PROBLEM
Beginning with the line that contains "Your JSON carries", retype the entries below exactly, ending with the line that contains "appliquéd throat | |". Leave out any pictures.

(THE DATA)

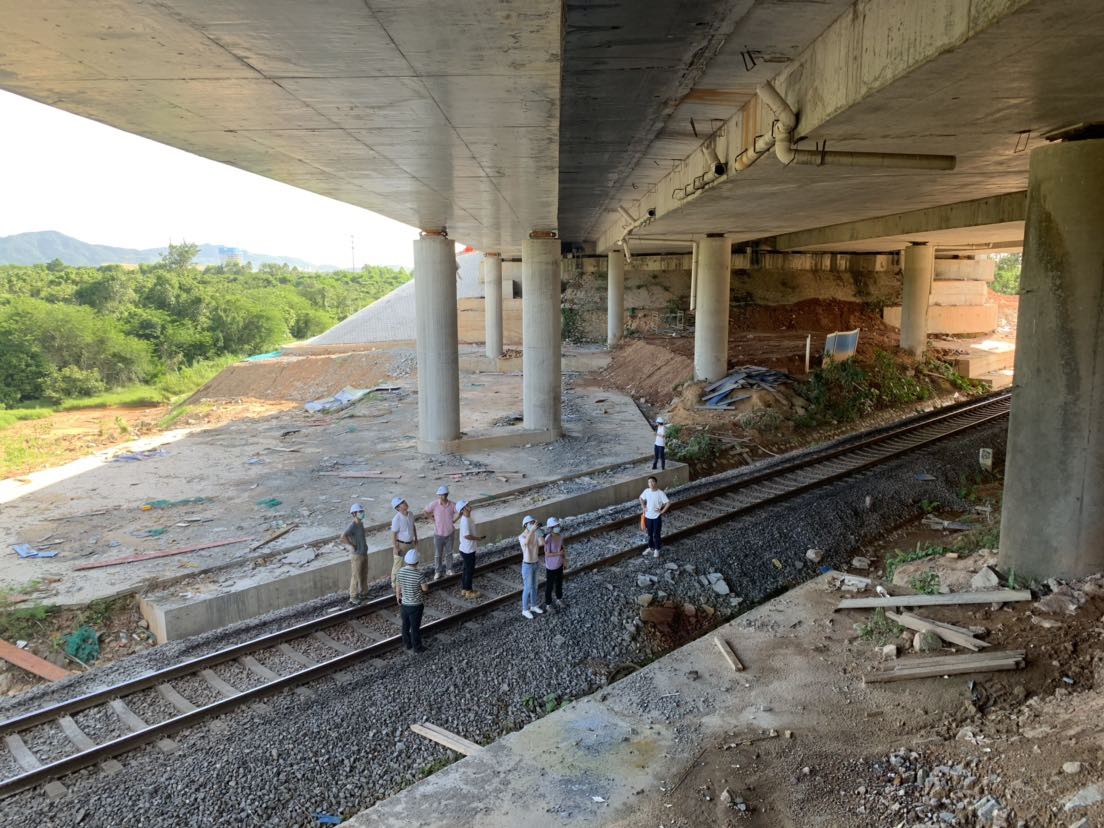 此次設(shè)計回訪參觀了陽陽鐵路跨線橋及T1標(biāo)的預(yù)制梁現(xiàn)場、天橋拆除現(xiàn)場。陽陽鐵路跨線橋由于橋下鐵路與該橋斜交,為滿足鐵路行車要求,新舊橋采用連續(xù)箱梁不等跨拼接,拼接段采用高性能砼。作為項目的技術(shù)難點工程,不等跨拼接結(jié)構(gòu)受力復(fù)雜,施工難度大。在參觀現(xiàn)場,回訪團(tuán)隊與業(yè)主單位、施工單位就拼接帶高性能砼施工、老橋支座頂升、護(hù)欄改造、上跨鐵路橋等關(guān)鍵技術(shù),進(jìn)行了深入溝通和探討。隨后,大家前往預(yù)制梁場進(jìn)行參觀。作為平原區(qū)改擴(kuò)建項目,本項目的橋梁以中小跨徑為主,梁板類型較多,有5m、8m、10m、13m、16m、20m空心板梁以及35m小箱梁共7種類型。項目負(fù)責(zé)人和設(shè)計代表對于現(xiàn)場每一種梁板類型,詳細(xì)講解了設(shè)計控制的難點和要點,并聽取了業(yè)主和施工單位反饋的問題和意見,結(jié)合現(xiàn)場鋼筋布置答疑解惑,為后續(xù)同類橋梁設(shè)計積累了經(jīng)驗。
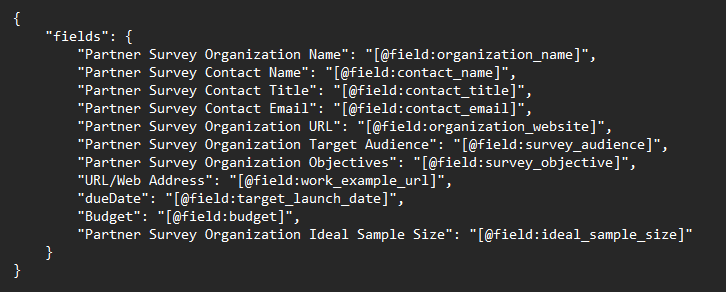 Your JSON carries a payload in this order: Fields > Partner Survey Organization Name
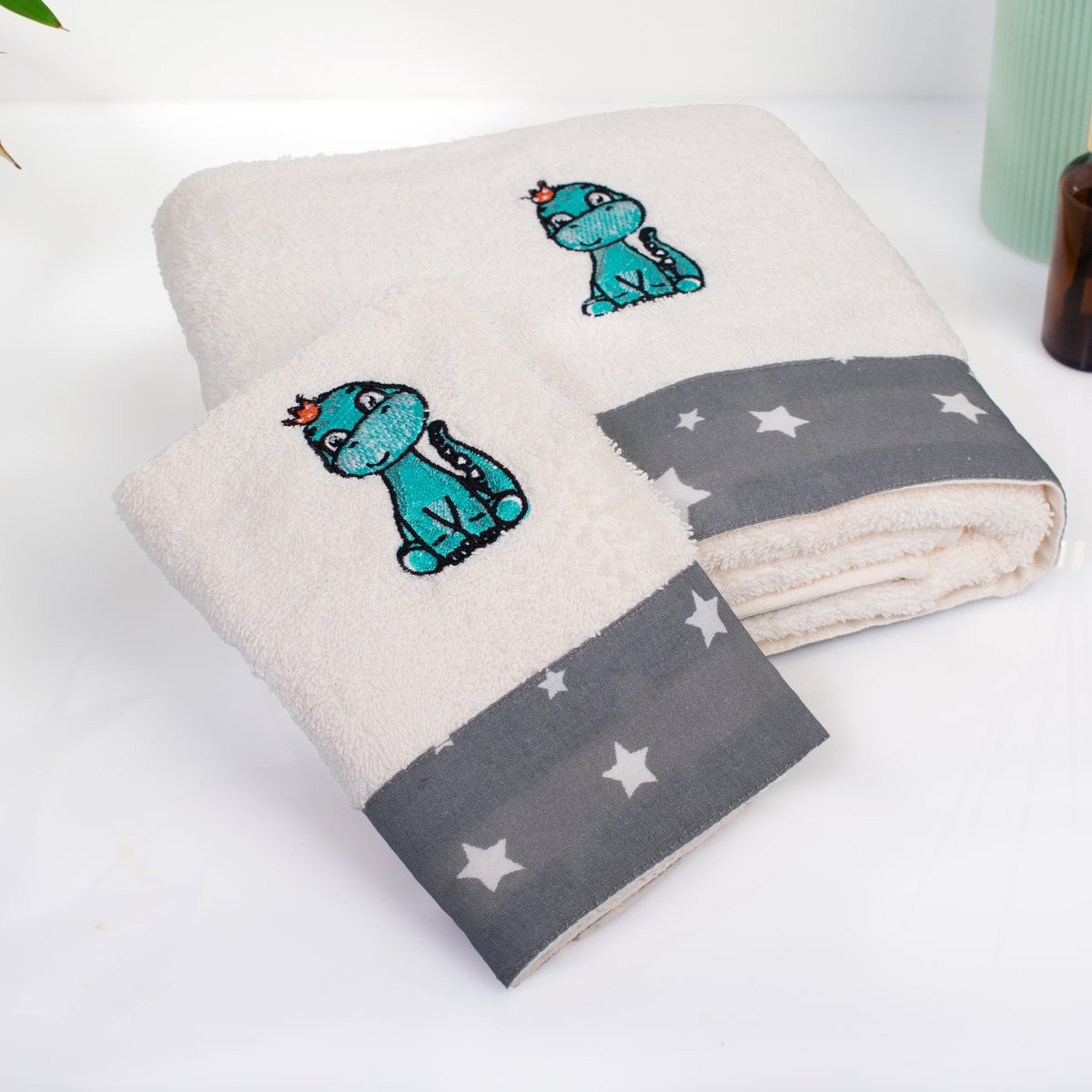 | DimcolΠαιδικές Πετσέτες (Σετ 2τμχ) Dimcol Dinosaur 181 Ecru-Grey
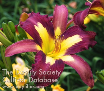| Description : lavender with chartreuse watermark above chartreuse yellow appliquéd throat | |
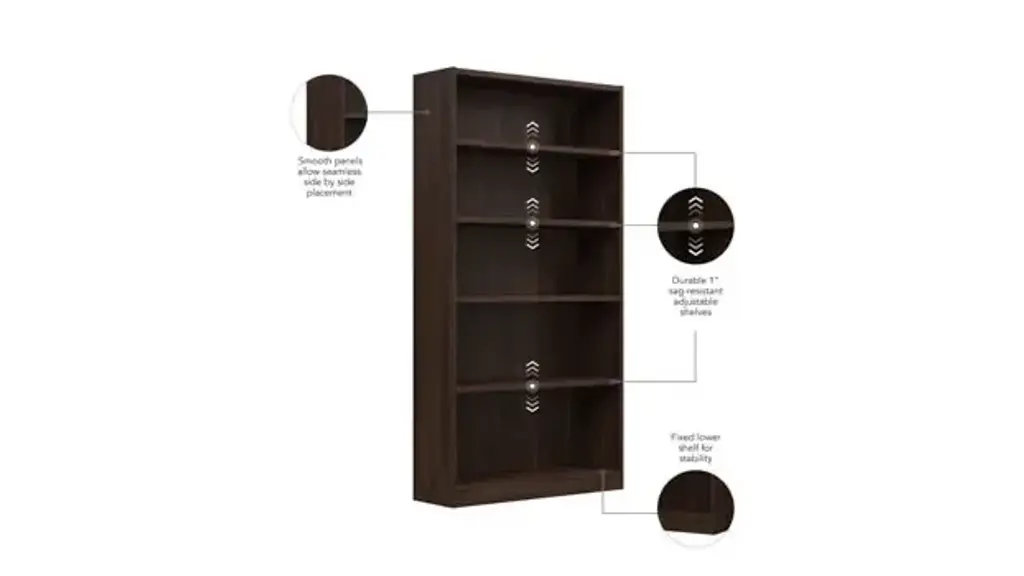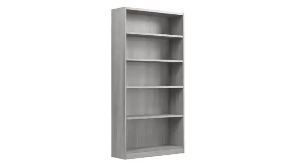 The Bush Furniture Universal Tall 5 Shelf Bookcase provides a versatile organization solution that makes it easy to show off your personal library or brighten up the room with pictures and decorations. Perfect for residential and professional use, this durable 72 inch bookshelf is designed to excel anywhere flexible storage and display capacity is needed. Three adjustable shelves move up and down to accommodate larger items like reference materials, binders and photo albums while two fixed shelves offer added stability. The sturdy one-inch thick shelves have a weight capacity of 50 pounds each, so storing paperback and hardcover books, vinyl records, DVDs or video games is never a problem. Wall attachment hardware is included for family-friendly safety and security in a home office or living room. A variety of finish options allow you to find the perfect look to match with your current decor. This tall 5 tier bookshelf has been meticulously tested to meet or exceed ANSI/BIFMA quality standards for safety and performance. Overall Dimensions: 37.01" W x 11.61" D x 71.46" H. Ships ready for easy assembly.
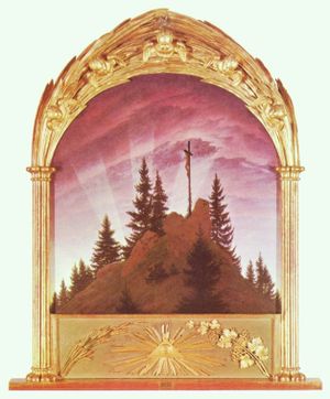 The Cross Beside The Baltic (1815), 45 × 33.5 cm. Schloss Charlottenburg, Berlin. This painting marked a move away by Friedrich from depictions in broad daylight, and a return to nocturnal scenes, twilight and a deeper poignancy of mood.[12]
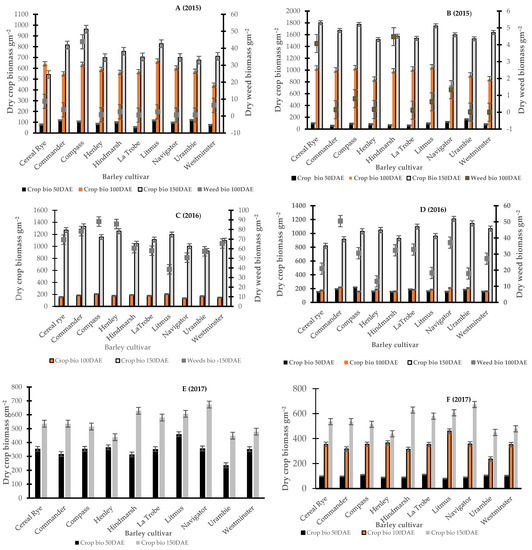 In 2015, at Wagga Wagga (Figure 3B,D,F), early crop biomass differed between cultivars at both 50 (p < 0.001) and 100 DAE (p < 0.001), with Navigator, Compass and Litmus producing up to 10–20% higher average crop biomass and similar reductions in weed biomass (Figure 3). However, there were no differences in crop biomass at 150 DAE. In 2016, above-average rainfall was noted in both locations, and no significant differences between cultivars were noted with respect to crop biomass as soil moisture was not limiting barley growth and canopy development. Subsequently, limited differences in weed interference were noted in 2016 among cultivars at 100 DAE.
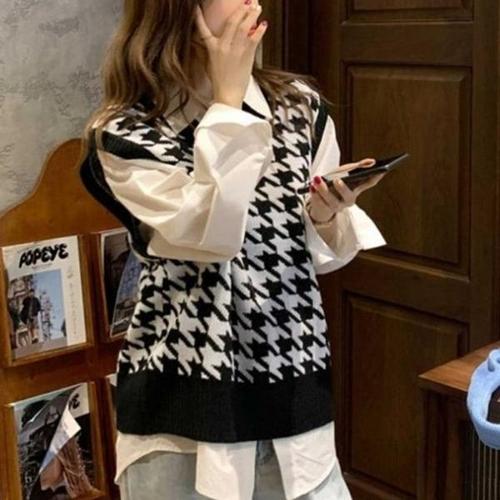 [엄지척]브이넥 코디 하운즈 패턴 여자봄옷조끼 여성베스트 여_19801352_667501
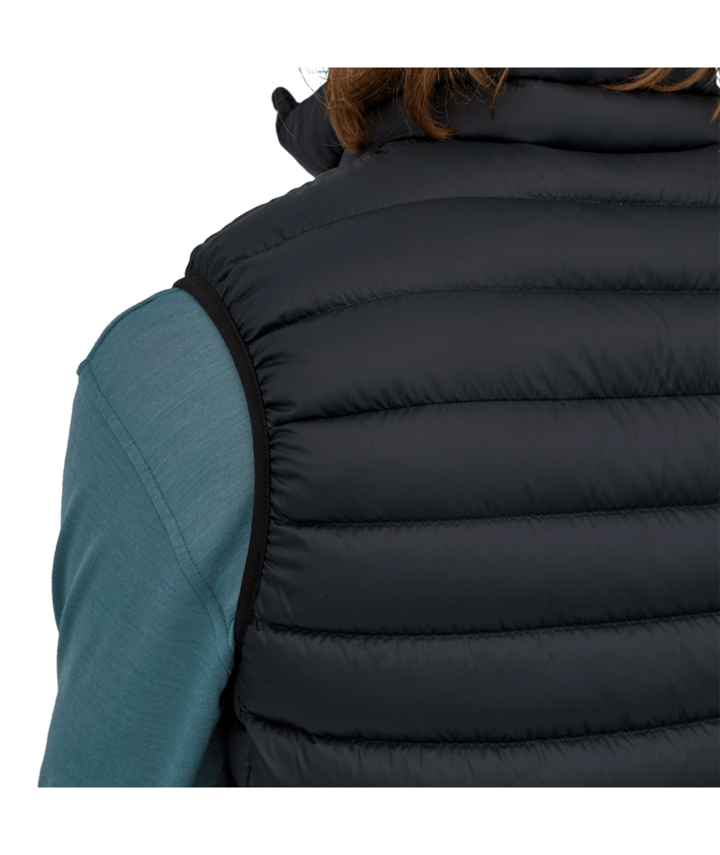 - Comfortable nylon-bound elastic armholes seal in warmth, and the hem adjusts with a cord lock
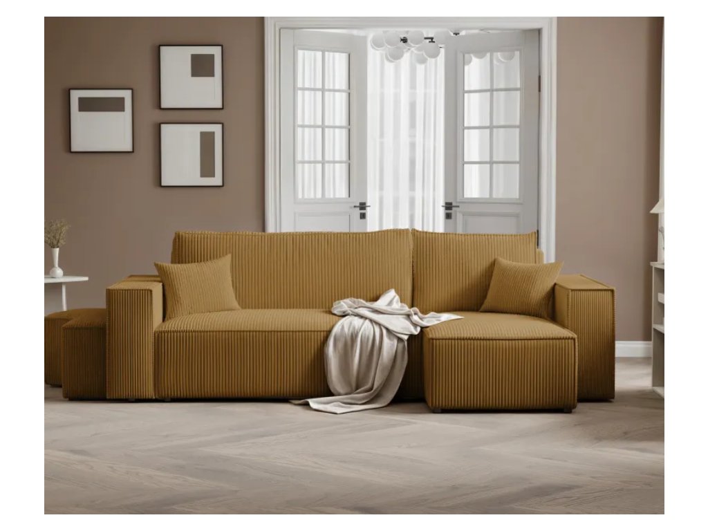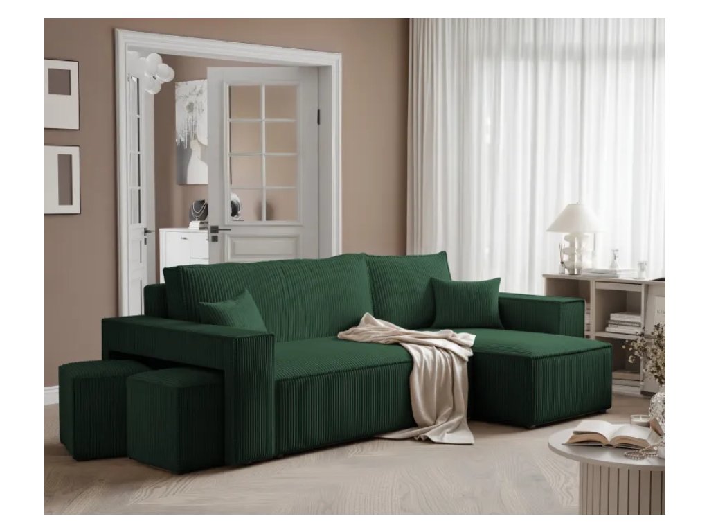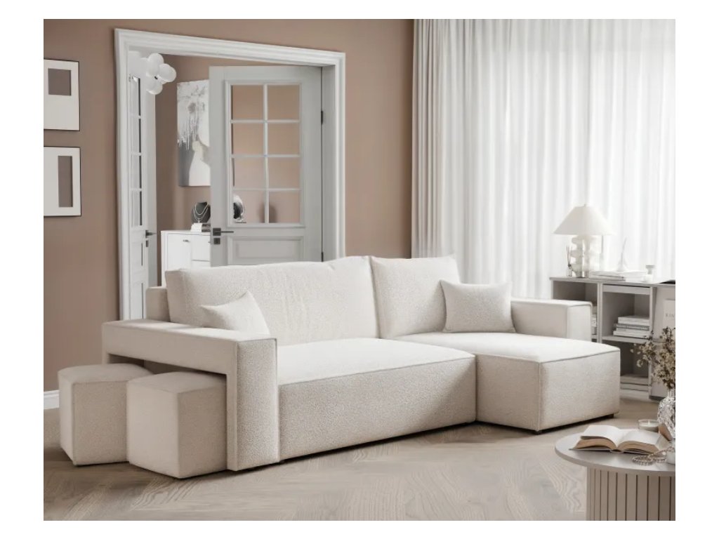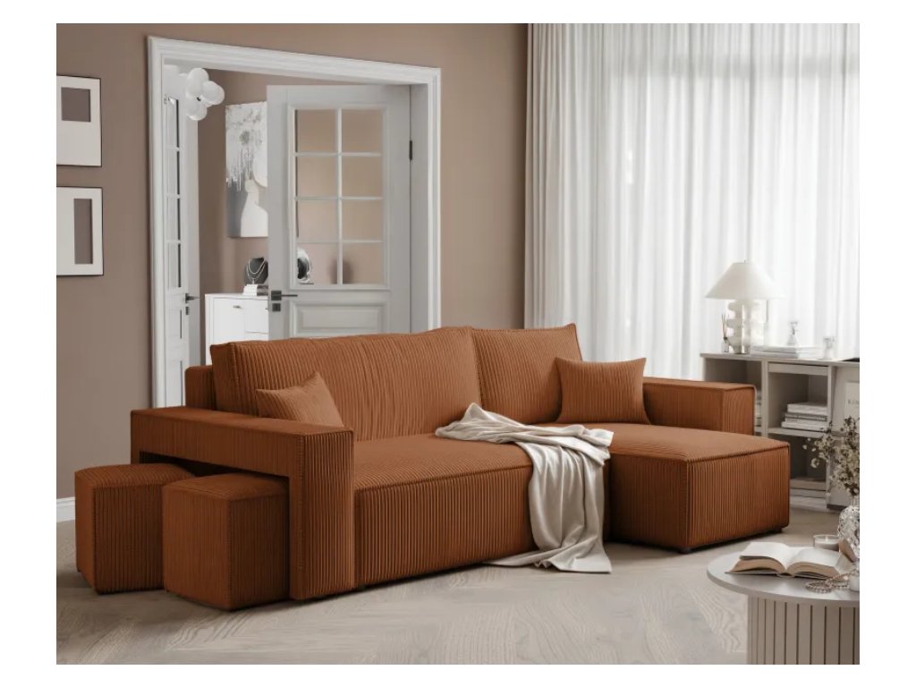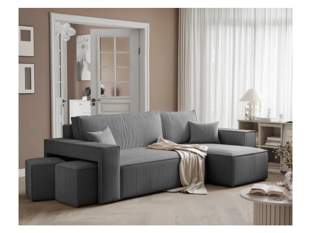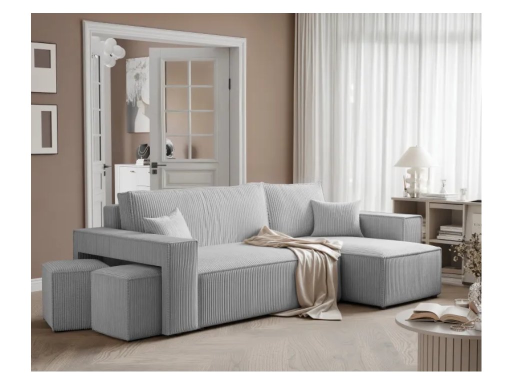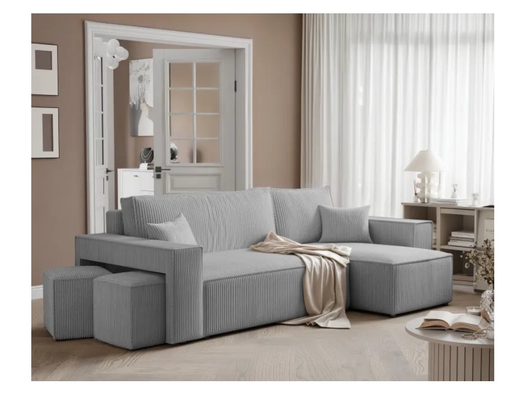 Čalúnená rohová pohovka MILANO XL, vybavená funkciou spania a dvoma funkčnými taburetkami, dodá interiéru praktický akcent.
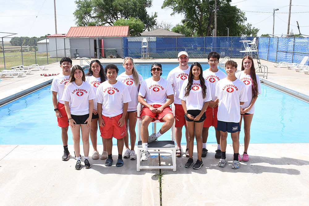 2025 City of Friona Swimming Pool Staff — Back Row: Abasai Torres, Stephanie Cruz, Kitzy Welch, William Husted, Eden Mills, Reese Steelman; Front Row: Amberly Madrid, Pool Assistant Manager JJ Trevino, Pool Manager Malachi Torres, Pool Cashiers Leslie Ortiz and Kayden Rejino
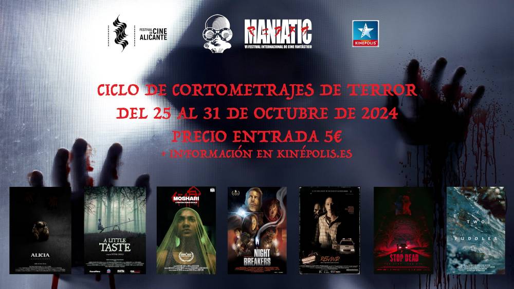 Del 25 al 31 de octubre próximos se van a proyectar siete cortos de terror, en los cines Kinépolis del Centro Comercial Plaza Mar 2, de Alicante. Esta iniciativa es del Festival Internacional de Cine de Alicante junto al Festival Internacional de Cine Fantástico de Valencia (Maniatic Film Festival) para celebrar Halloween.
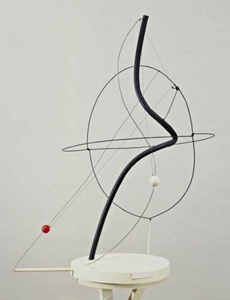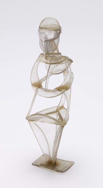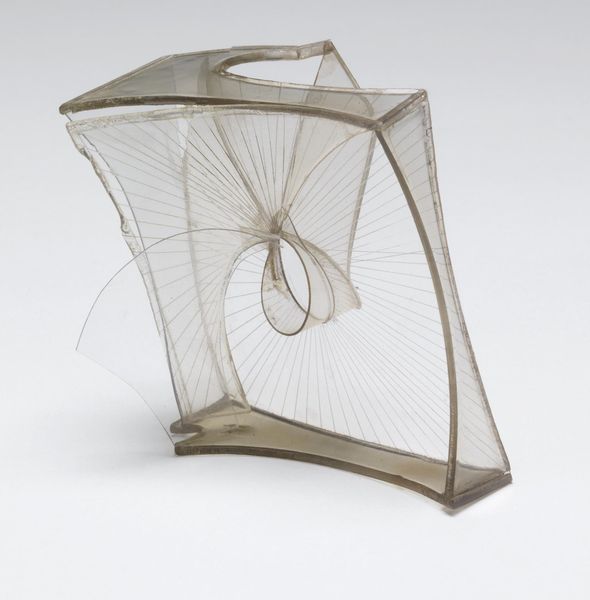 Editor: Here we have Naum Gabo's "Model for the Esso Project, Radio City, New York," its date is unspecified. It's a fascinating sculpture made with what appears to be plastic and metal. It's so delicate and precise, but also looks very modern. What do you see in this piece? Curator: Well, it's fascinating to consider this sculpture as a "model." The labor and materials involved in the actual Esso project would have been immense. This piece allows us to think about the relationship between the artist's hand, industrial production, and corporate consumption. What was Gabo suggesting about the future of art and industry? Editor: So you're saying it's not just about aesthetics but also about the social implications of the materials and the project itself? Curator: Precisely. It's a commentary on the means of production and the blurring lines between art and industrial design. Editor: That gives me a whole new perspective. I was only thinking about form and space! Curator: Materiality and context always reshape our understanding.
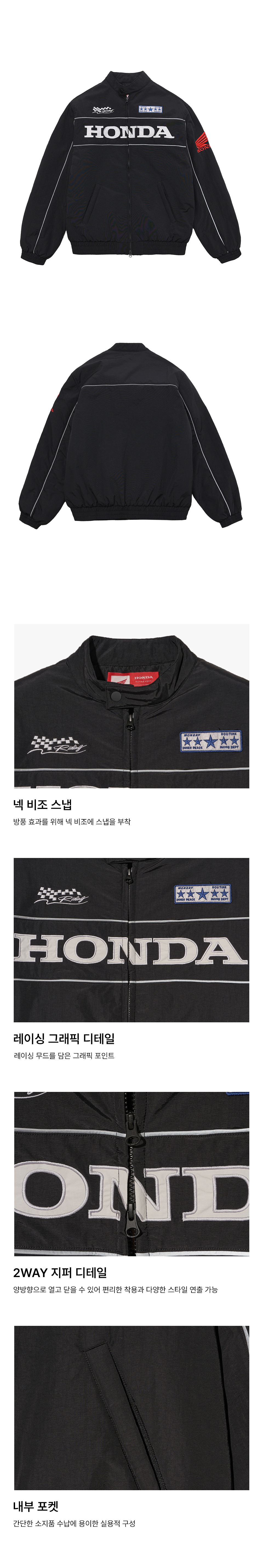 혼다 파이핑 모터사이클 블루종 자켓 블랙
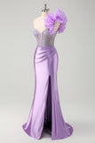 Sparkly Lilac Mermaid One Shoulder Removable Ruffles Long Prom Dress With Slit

(End THE DATA)

RESPONSE TO THIS EXERCISE
 Your JSON carries a payload in this order: Fields > Partner Survey Organization Name
 | DimcolΠαιδικές Πετσέτες (Σετ 2τμχ) Dimcol Dinosaur 181 Ecru-Grey
| Description : lavender with chartreuse watermark above chartreuse yellow appliquéd throat | |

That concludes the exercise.